To support these teams, four Armaments Center mentors traveled to Houston: Luisa Palacio Zapata and Alex Rydzewski (Team 8513), Owen Keegan (Team 11), and Dominic Estanislao, who spent the event primarily assisting Team 3314. While they did not make the trip to Texas this year, mentors Hailey Atwater, Warren Venema, Mark Maselli, and Daniela Gonzalez were also vital to the success of this qualifying group.

Team 8513 finished second in New Jersey this year and earned an award at every competition they took part in this season. According to Zapata and Rydzewski, the girls were excellent problem solvers under pressure, even tearing down their robot and rebuilding it in a few days and going through several design iterations. Team 8513’s programmers thrived, especially in programming the robot’s autonomous features, the manufacturing squad adjusted smoothly to changes, and the designers too performed well with minimal mistakes.

The pair, who both work as mechanical engineers, especially noted Team 8513’s ingenuity to replicate the quality usually reserved for high-end machinery. They expressed hope that the girls will thrive and motivate more of their peers to join robotics – the field has grown more accessible and welcoming to girls in recent years, but still robotics is a niche interest for them.

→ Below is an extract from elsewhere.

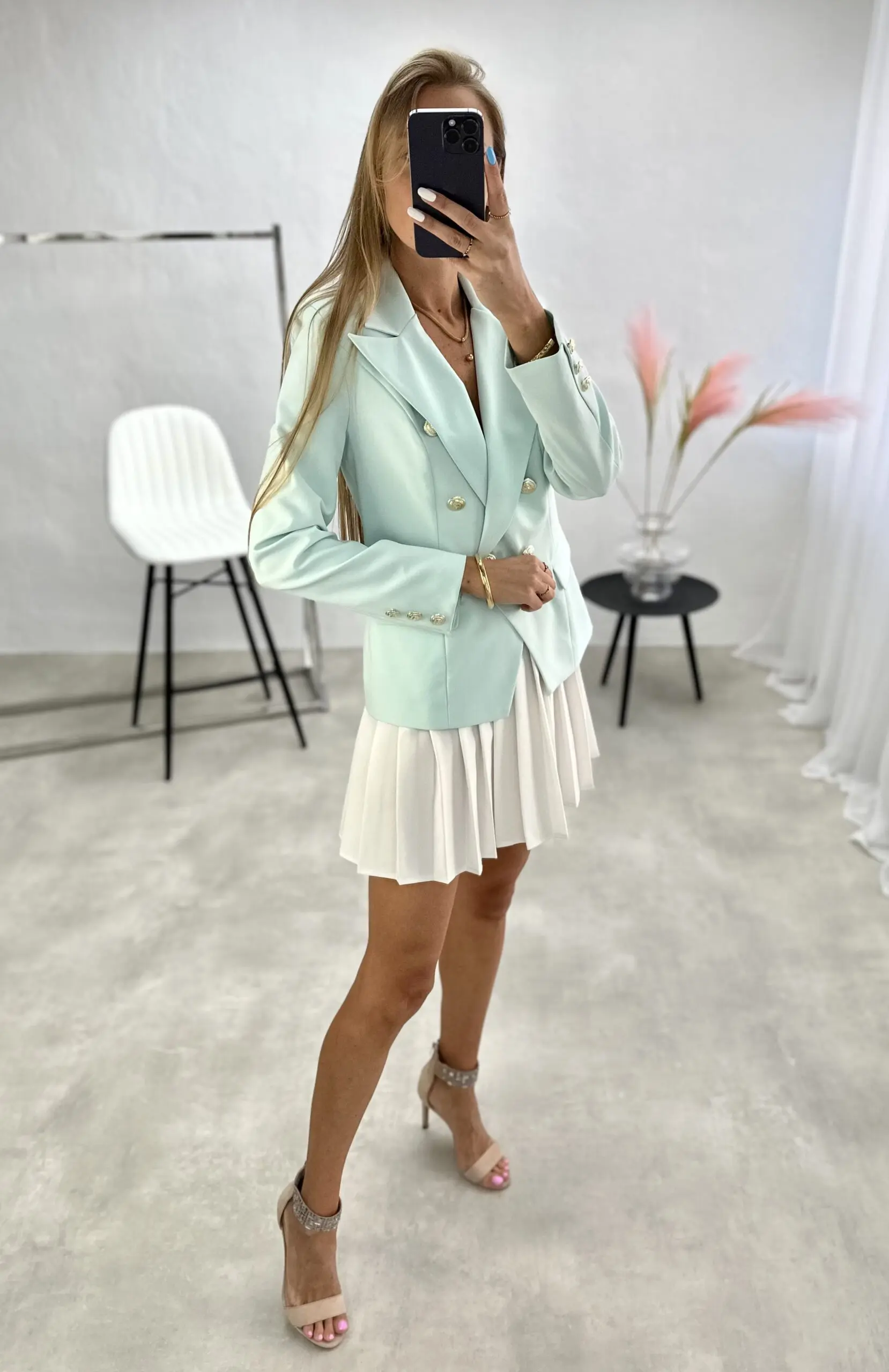 XS dydis: krūtinės apimtis 84 cm, pečių juosta 36,5 cm, rankovės ilgis 60 cm, švarkelio ilgis 59,5 cm

Estanislao, also a mechanical engineer by trade, praised how frequently his team and others collaborate and share ideas even when competing. Team 3314, he added, performed a complete rebuild of their robot in two weeks, opposed to the usual six to eight.

“My students are all driven and motivated to build a competitive robot every year, and that rubs off on me because I want to also compete at a high level. As a student, you just build robots, but as a mentor, you soon realize that building the robot is ultimately a tool to build my students as people,” he said.

For project engineer Keegan, helping out with Team 11 brings him back to where he graduated high school, Mount Olive. The M.O.R.T. team, he emphasized, is entirely student-driven, with students managing everything from technical builds to non-technical community outreach. M.O.R.T. also scrapped and rebuilt their robot as a strategic pivot, which ultimately secured them their playoff run in Houston.